## Work item:
Of the lines below, write out exactly those from the line with "Collezione di sedute con struttura modulare" through the line with "9月19日,在市级机关幼儿园", both included, and skip the rest.

──────── Supplied records ────────

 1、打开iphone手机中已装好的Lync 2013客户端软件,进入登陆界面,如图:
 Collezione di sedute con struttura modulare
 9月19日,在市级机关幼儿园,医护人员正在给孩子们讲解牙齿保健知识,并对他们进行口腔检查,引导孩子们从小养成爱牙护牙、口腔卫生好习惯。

────────
──────── Supplied records ────────

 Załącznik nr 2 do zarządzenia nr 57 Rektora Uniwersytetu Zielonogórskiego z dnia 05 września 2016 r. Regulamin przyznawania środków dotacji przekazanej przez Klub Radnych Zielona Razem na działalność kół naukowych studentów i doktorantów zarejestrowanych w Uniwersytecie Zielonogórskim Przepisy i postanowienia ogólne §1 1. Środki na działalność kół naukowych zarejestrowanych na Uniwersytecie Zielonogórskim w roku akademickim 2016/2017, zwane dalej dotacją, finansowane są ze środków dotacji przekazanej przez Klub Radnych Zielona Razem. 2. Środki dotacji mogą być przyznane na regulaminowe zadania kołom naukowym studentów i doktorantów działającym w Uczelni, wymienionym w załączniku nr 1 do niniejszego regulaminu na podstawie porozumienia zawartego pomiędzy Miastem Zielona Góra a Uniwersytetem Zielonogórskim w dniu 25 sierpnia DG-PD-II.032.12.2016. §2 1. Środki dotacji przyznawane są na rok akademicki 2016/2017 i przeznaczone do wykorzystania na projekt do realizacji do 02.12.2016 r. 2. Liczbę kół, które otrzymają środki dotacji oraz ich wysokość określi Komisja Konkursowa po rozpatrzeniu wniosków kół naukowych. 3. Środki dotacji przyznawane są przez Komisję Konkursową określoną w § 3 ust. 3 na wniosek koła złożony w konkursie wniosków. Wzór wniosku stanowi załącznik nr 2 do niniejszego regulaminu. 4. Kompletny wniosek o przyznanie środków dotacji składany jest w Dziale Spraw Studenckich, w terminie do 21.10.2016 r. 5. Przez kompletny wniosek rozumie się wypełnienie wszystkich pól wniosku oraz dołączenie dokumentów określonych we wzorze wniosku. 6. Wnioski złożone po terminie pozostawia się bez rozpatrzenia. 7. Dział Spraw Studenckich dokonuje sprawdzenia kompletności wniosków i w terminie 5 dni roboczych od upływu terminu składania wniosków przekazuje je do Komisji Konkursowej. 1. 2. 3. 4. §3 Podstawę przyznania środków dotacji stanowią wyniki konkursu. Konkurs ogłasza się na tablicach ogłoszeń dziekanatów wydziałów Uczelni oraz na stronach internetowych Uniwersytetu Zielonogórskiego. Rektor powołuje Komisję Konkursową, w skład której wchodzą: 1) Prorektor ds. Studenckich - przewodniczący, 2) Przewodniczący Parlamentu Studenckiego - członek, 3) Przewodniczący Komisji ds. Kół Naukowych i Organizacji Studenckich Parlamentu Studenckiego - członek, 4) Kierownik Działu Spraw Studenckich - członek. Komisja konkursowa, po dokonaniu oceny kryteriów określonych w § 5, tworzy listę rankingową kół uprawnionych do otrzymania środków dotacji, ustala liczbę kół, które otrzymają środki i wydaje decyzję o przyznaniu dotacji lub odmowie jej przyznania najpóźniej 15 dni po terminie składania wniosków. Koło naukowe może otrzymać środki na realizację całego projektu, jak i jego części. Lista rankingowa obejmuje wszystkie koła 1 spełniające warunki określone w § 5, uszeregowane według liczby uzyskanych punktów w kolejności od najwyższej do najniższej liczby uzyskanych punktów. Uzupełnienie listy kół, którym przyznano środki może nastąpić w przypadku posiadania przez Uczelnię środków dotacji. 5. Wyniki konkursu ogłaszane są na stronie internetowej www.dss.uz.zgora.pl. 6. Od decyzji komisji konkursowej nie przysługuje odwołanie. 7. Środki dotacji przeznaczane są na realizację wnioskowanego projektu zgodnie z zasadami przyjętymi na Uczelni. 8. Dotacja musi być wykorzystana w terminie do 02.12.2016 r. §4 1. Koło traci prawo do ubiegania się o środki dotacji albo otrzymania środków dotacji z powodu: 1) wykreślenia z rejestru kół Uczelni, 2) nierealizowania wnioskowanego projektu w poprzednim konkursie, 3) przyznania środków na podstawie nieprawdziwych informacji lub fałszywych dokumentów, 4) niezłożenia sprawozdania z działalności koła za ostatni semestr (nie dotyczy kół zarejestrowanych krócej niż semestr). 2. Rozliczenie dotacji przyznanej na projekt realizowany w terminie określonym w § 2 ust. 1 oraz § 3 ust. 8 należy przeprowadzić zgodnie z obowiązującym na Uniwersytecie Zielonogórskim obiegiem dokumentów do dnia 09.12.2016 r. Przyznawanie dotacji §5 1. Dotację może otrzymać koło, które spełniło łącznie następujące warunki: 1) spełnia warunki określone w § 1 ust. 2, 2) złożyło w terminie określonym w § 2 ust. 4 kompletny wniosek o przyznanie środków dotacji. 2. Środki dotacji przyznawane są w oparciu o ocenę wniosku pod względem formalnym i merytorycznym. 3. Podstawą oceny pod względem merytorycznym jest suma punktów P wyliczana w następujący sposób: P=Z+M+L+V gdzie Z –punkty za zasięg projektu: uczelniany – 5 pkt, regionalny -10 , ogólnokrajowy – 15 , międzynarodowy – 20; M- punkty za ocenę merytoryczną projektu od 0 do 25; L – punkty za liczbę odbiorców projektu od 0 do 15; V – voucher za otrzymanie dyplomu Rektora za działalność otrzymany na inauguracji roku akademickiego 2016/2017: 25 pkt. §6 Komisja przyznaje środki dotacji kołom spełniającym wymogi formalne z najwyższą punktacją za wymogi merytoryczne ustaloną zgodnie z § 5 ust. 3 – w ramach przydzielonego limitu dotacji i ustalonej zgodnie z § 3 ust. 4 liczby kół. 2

────────
──────── Supplied records ────────

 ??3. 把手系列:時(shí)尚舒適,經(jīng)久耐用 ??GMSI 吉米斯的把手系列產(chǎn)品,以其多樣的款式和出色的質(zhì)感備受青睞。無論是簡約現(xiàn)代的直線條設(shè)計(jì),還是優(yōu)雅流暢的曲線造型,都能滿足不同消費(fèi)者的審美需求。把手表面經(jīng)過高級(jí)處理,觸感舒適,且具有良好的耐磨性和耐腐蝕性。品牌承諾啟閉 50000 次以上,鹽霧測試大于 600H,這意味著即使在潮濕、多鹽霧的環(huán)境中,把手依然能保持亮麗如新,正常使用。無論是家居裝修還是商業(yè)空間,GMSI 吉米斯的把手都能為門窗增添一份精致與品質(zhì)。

────────

## Task solution:
 Collezione di sedute con struttura modulare
 9月19日,在市级机关幼儿园,医护人员正在给孩子们讲解牙齿保健知识,并对他们进行口腔检查,引导孩子们从小养成爱牙护牙、口腔卫生好习惯。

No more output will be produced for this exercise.